In 1919, Isabella Gardner suffered the first of a series of strokes. She died on July 17, 1924, at the age of 84 in her living quarters on the fourth floor of her Museum. She is buried in the Gardner family tomb at Mount Auburn Cemetery in Watertown and Cambridge, between her husband and her son.

==Legacy==

While alive, Gardner would use the fourth floor of her museum for her residence. After her death it served as residence for the museum's director for over sixty years. When Anne Hawley became director, she decided not to live there. Six months after Hawley took office, the museum was robbed.
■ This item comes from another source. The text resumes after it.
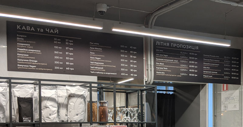 В приміщенні є стійка з кондитерськими виробами і кілька столиків для відвідувачів. Ціни на напої в кав'ярні, для прикладу, капучіно на 200 мл коштує 32 грн, а еспресо на 30 мл — 27 грн.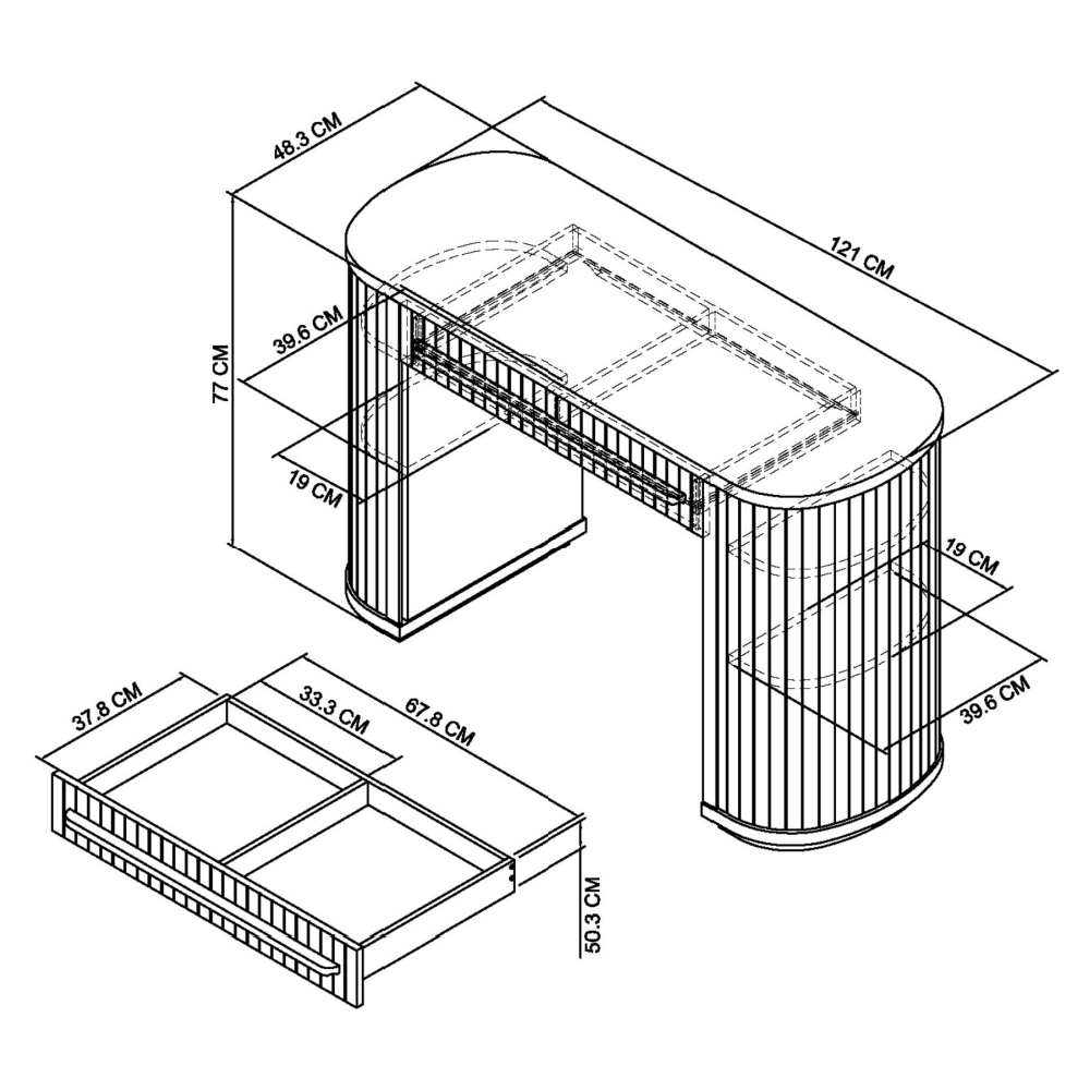 The Bentley Designs Vega Dressing Table offers a sleek, contemporary design with a crafted character. Finished in knotty oak veneers with a soft weathered tone, it features expressive grain, subtle curves, and delicate groove detailing. A central drawer provides practical storage, while shelving concealed within its pillar-like sides adds a thoughtful, streamlined touch. Perfectly balanced in form and function, it pairs beautifully with the Vega stools and mirrors.

More recently, the floor has been converted for use as museum offices.

A devout Anglo-Catholic, she requested, in her will, that the Society of St John the Evangelist (Cowley Fathers) celebrate an annual Memorial Requiem Mass for the repose of her soul in the museum chapel. This duty is now performed each year on her birthday.

Stewart Gardner was an intimate patroness of many artists, writers, and musicians. An accomplished traveler and shrewd collector, she was a leading figure in American social and cultural life. In Boston they called her the "Queen of the Back Bay". The site of her former home, which was demolished in 1904, is a stop on the Boston Women's Heritage Trail. She is the namesake of Gardner Mountain and Isabella Ridge in Washington state.